Girl with a Pearl Earring

The Image generator understood exactly what was being asked and delivered a good theoretical replication of the image.  However, realistically, it would not pass as a duplicate. It is also important to note that similar images were generated when the prompt was written in full lowercase.

Figure 7: Images generated with the prompt “girl with a pearl earring.” Screenshot by author.

Figure 8: Girl with a Pearl Earring.

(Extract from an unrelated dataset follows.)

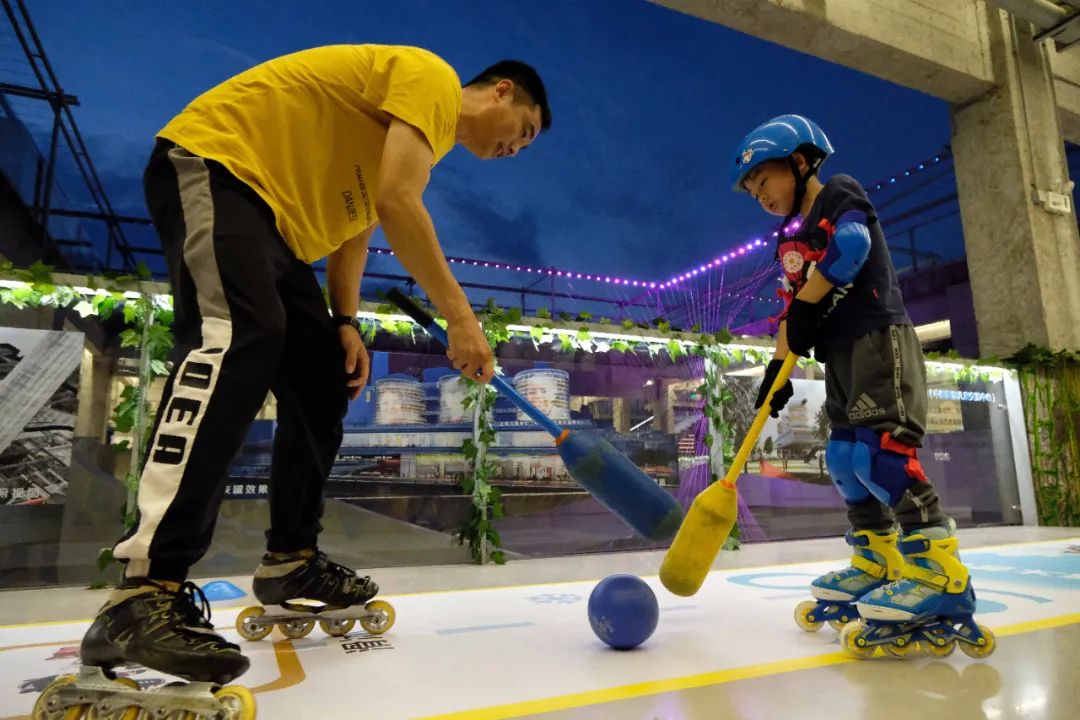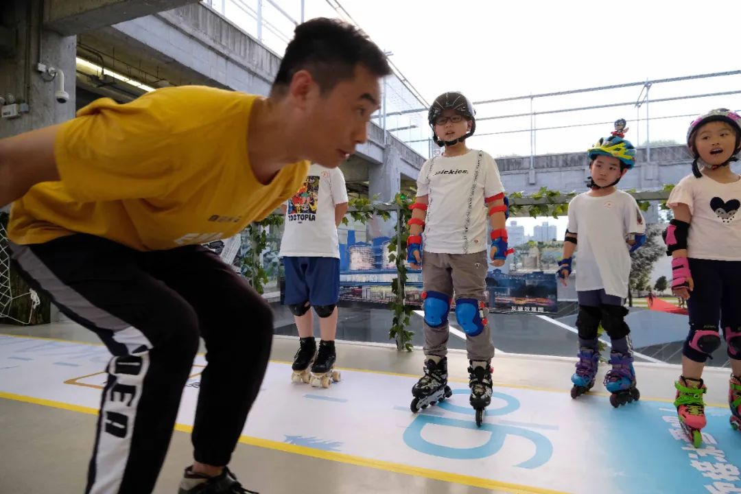 在露天區域,設有一個以冬奧會為主題的“空中滑道”。傍晚時分,一場輪滑體驗活動正在這里火熱舉行。
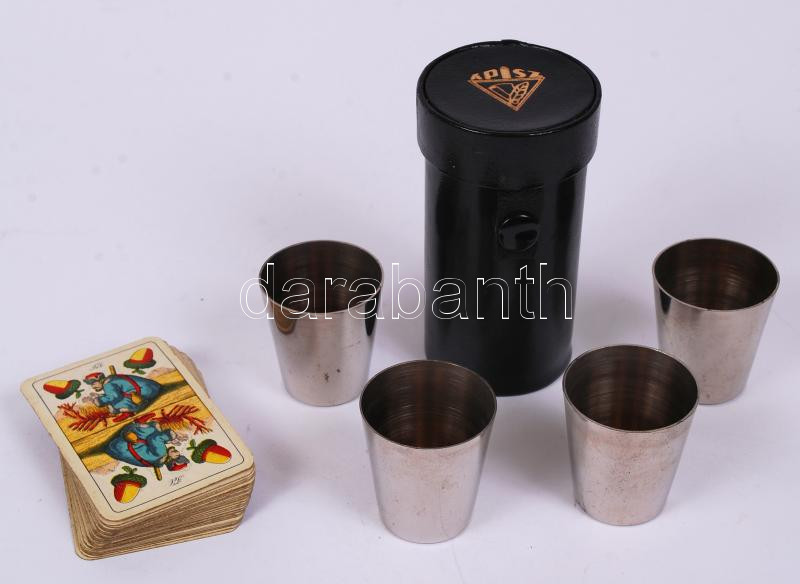 Beschreibung: 4 db rozsdamentes acél kupicás pohár, műbőr tokban + kicsi magyar kártya pakli

Source: Wikipedia.

Composition with Red, Blue and Yellow

Craiyon had a difficult time with this prompt.  While a still very well-known work of art, the actual title of the piece doubles as a curious request in this context.

Figure 9: Images generated with the prompt “Composition with Red, Blue and Yellow.” Screenshot by author.

Figure 10: Composition with Red, Blue and Yellow. Source: Wikipedia.

Due to this, I used the same prompt but added “Mondrian” to the end of the phrase to see if the AI could actually distinguish the ambiguity of the phrasing. 

Figure 11: Images generated with the prompt “Composition with Red, Blue and Yellow mondrian.” Screenshot by author.

In doing so, a much more passable recreation of the work was generated.

Guernica

The AI did a passable job at this painting.  While of course it does not provide nearly the level of detail that exists in the image, the general structure of the work is present and easily discernible.  Another interesting result of this query is that unlike the previous images, each generated image of Guernica seems to present it as a work in a museum or hanging in a room.  This may be a result of the odd dimensions of the work itself.

Figure 12: Images generated with the prompt “Guernia.” Screenshot by author.

Figure 13: Guernica. Source: Wikipedia.

Experiment 5: The Final Frontier

While it is interesting to see how machine learning responds to simple commands, complex requests, attempts at re-creation, and how those may be refined in the future, it is equally as interesting to see how the internet is taking advantage of the software. Below is a query that felt appropriate in terms of the internet memes of the world.

Figure 14: Images generated with the prompt “cat crying and playing a very tiny violin.” Screenshot by author.

Final Thoughts

While Craiyon is impressive in its ability to recall and generate images, even the most simple requests do not result in realistic images. Gleaning insight from my experiments, the algorithm has some difficulty discerning requests that are abstract in nature yet specific. Additionally, the more complex the query is, the less accurate the image becomes to real life. While more powerful tools, such as Dall-e, are not yet available to the general public, Craiyon is still an impressive generative AI software, and at the very least, an amusing pastime for casual users.